Christmas lights are near
Originally uploaded by Sultry
I'm not really mentally ready for Christmas; the hoopla, the decorating, or anything.
But several people are doing daily Christmas writings (Nino and Not Your Ordinary) and I feel put to shame. So to the extent possible, I'll post something daily... Can't promise it will have to do with the holidays... but I will try to make it about the "present."
It probably has to do with habits formed as a child (although not when it came to homework!).
My efforts were often judged wanting, so I learned to procrastinate or avoid.
If possible, I skipped daily piano practice because The Mother was always there to critique. Do you know how hard it is to work at the same time there is feedback?

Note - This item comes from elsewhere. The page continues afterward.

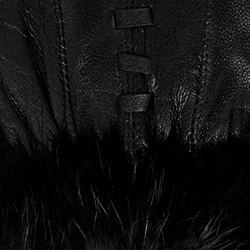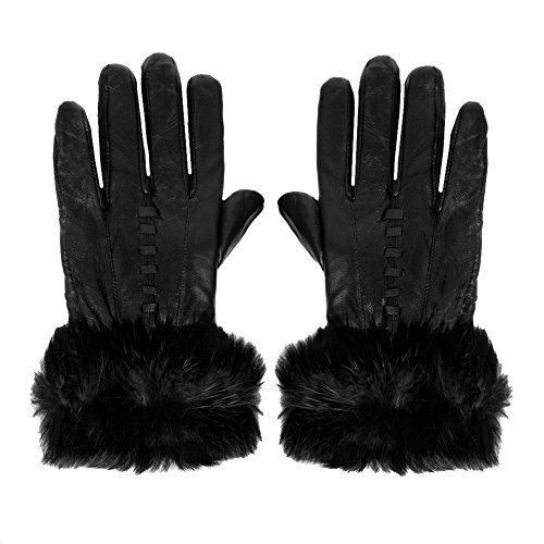 (Accessoryo)/Accessories/Cold Weather Accessories/DIRECT FROM USA/Women's Real Leather Black Gloves with Super Soft Faux Fur Trim
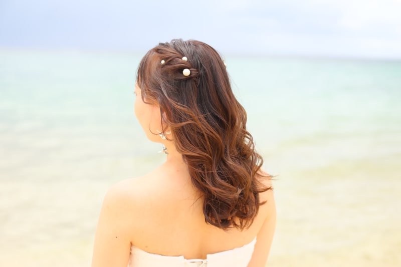 海など風が強いところの撮影では風に負けないヘアスタイルを作るように心がけています!

One or the other is what works. I expanded that daily avoidance to chores, exercise, or any "self-improvement." Why bother when the feedback is always negative?
But when a deadline was hopelessly close, I would pull out all the stops, turn on the afterburner, dance as fast as I could and get the job done... with the excuse that "I started late." And the implication that The Mother should be glad I got anything done.
That's how I feel about Christmas decorating now. I used to do it for my husband. Then for the children. Even when they spent lots of Holiday time with their father, I decorated. Usually a live tree. Favorite figurines and ornaments.
DarlingHusband these days seems to think simplicity and camaraderie are more valuable than decor or flapdoodle. So I'm sticking with figurines still up from last year, candles, and a big gaudy star over the fire place.